Moscow Data Science Major: announcement and registration
On September 1, Mail.Ru Group and the Open Data Science community will hold the largest Moscow Data Science Major meeting. The event consists of five thematic blocks of reports, one ML-training and a whole hall for networking and dating.
Meet the program and register ! Entry to the event is free, according to the approved registration.
Reports at the Moscow Data Science Major will be held in two streams. In the table you will find the grid with the schedule, and below - the description of the reports.
“Speaker Diarization Problem”, Gregory Sterling, NeurodataLab LLC
I will briefly talk about speech processing as a whole and about the speaker diarization task (by recording the dialogue you need to determine who spoke and when). I'll tell you about the history of the problem, why, why, about the cocktail party problem, who decided how it is difficult. The main part of the report will be devoted to the results of 2017-2018, for example, about a Google article that describes how to solve a problem for a video (where the neural network seems to be trying to read lips). I will end with what they do when there is no video, but there is only sound (a dialogue on the phone, for example), walk through the articles and our approach.
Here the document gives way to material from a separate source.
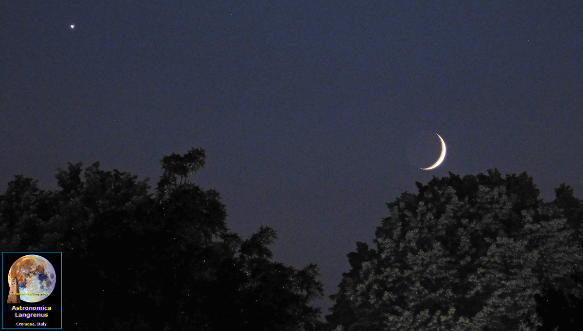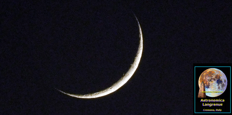 19/05/2018 - Falce lunare in fase di 4,3 giorni - Nikon Coolpix B500, 1/160", F 6.5, ISO 450, DZ 2,8x, Foc. Acquisizione 2560mm |

“Neuronet vocoders”, Sergey Dukanov, Mail.Ru Group
First, there will be a small insight into modern approaches to solving the problem of speech synthesis, then we will talk about vocoders, and then we will focus on one of the most interesting of them (both in terms of theory and practice).
“Pizza a la semi-supervised”, Arthur Kuzin, Dbrain
On the example of product control in “Dodo Pizza” I will talk about the methods of working with data when teaching models. In particular, I will show how the boxes are stretched onto the semantic segmentation of objects, as well as how to train the model and get the markup of the dataset by marking out only a few samples.
“OCR and TD Architecture in Recognizing Photos of Printed Documents”, Alexey Goncharov, Ilya Zharikov, Philip Nikitin, MIPT Machine Intelligence Laboratory
The report describes the structure of OCR (character recognition) and TD (detection of windows with text), which our team uses in projects for the recognition of photographs of printed documents of various types. Let's talk about both the architecture and the training of these systems.
“How to do domain adaptation, and ideas to improve its quality”, Renat Bashirov, Samsung AI The
report is a squeeze of ideas from a couple of dozen articles. Articles were selected according to the degree of utility for domain adaptation for images: having one marked set, how to get / improve markup on another similar set.
- many gan'ov,
- several architectures with a dozen loss functions
- told about
- that such different things can be given as a loss function,
- style transfer
- application domain adaptation for different tasks: classification, segmentation.
Do not think that nothing will be clear if you understand, for example:
- what is the loss function
- how backprop works
- why batchnorm is needed and how it works,
- What is the size of the tensor obtained after the global average pooling.
“Search by product - organization of work”, Dmitry Dremov, Analysis of checks
About the task, approach to the organization of work and results.
“Showcases in a social network: how and what to show”, Sergey Boytsov, Odnoklassniki
Let's go all the way from the user to a specific element in the showcase that he sees. Data collection, preprocessing, analytical processing, A / B testing.
“Recommender systems for transport tickets”, Artem Prosvetov and Konstantin Kotochigov, CleverDATA
The report describes the use of recommender systems in an unusual area: for the sale of transport tickets. What traditional approaches can help in solving this problem, which heuristics show themselves well and what discoveries we have made for ourselves while doing this project.
Tuning Jupyter Notebook, Alexander Lifanov, MarketGuard
How to set up a Jupyter Notebook for productive and convenient work.
“BigArtm is not just for text”, Maxim Statsenko, Mail.Ru Group
Many people are used to embedding as a text: we make an embedding of words, sentences, etc. In a sense, thematic modeling is embedding too. In my report, I want to show that with the help of Python and ingenuity, it is possible to use the approaches of thematic modeling and embeddings in tasks in which there are no texts at all, namely in the clustering of users by sources of earnings and by interests.
“PID Controller intro, or How to brew beer with PyData”, Anton Lebedevich
A gradual introduction to the most popular automatic controller on the example of mashing malt for beer, with animation and Python code. In addition to the basic PID controller, there will be a couple of tricks that improve his work in real life. In practice, automatic regulation is often needed, and almost any of its implementation contains PID elements along with their flaws, which you need to be aware of and be able to repair.
area Networking and dating area. In this room you will be able to communicate with colleagues and other participants of the event in a free format.
To participate you must register . Do not forget your passport or driver's license.
Collection of participants and registration : 10:00 - 11:00.
Beginning of presentations : 11:00.
Approximate end of the event : 17:00.
Address : Moscow, m. Airport, Leningradsky Prospect, 39, p.79.